• Task details:
Look below for the line with "Активное вещество: гинкго" and the line with "TIME: 01:47:52,748 - LOGGER"; repeat exactly those two lines and all lines between them, but no pictures.

• Exercise materials:
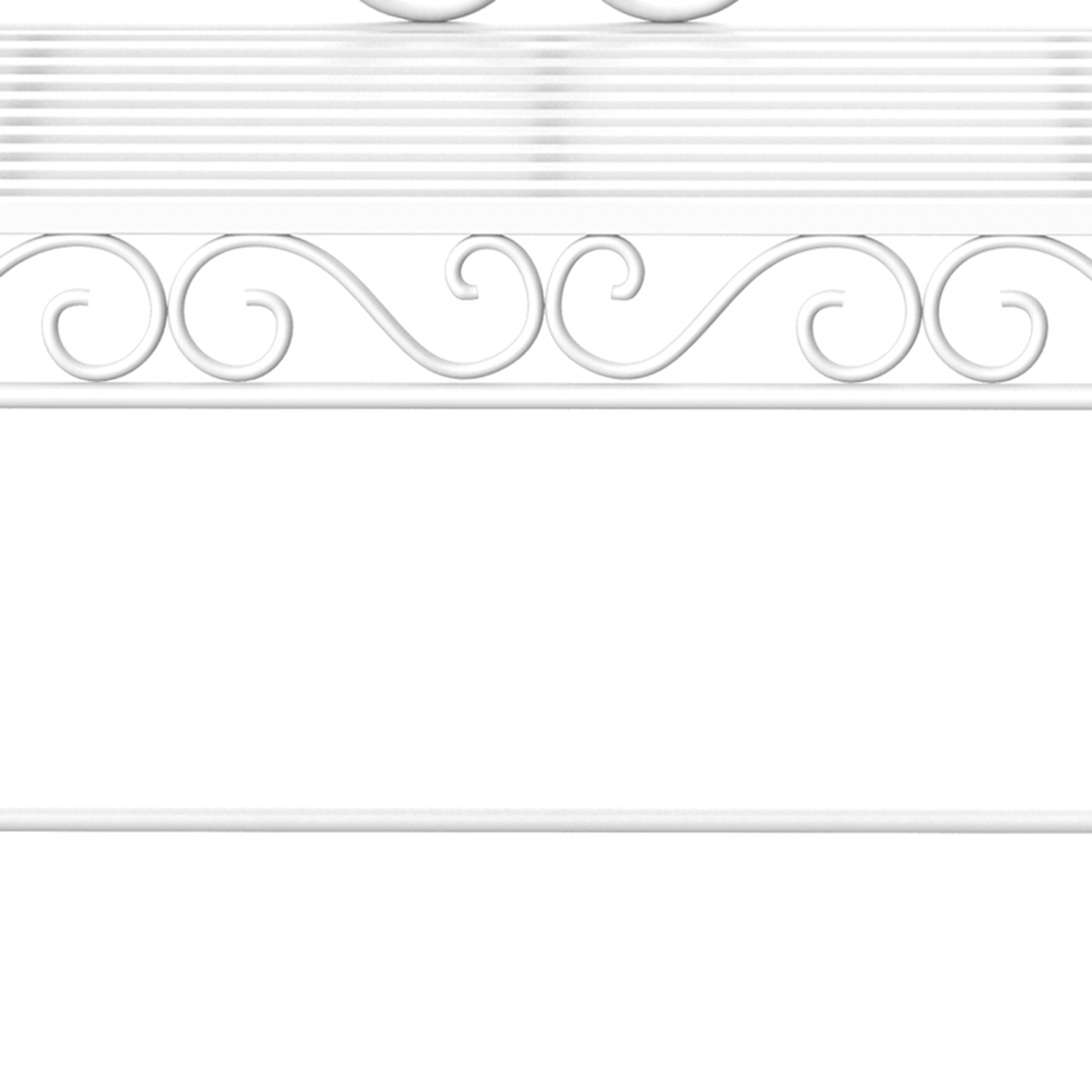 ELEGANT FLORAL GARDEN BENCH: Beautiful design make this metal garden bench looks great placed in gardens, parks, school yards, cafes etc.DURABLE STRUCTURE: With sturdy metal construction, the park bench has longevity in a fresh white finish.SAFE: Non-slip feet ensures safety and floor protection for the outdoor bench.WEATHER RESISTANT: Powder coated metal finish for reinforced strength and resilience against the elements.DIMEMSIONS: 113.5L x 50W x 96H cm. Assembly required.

---

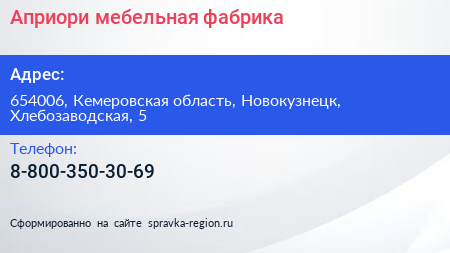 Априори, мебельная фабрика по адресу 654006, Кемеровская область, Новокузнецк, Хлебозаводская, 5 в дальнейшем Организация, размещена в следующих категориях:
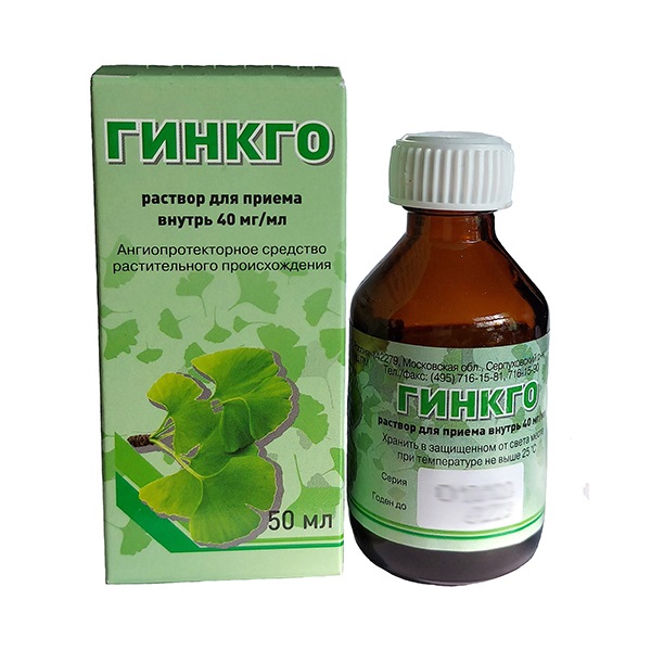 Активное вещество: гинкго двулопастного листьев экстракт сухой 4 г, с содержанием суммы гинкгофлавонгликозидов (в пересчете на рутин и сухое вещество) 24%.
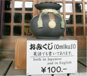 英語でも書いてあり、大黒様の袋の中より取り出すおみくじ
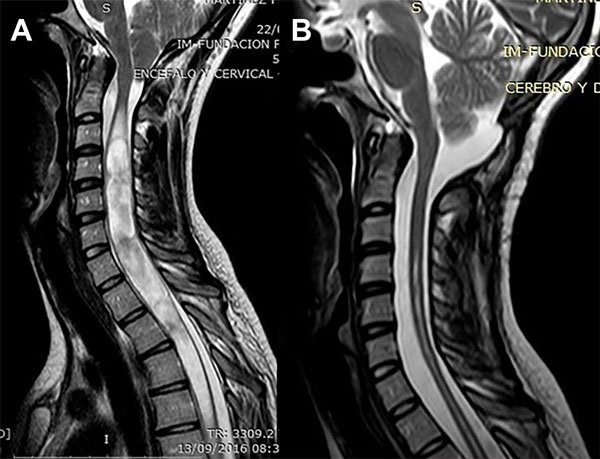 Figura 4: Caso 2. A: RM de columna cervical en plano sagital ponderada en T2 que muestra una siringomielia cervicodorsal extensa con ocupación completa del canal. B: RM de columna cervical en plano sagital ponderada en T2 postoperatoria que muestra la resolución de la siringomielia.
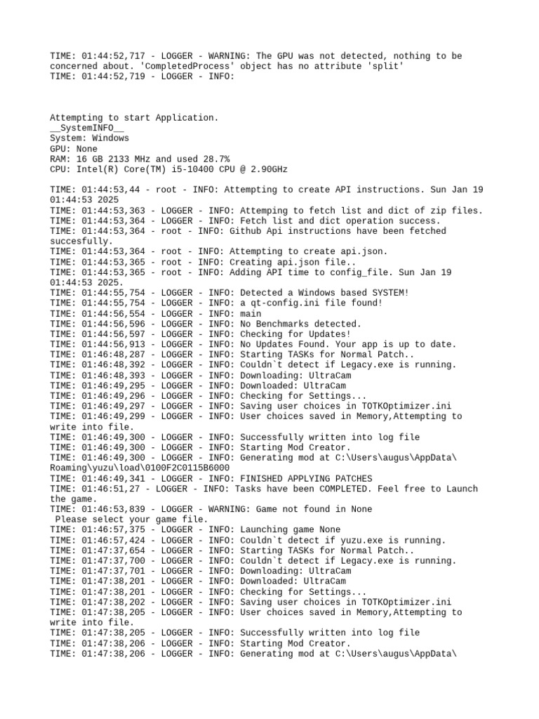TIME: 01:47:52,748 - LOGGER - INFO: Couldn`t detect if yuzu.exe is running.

• Task solution:
 Активное вещество: гинкго двулопастного листьев экстракт сухой 4 г, с содержанием суммы гинкгофлавонгликозидов (в пересчете на рутин и сухое вещество) 24%.
 英語でも書いてあり、大黒様の袋の中より取り出すおみくじ
 Figura 4: Caso 2. A: RM de columna cervical en plano sagital ponderada en T2 que muestra una siringomielia cervicodorsal extensa con ocupación completa del canal. B: RM de columna cervical en plano sagital ponderada en T2 postoperatoria que muestra la resolución de la siringomielia.
TIME: 01:47:52,748 - LOGGER - INFO: Couldn`t detect if yuzu.exe is running.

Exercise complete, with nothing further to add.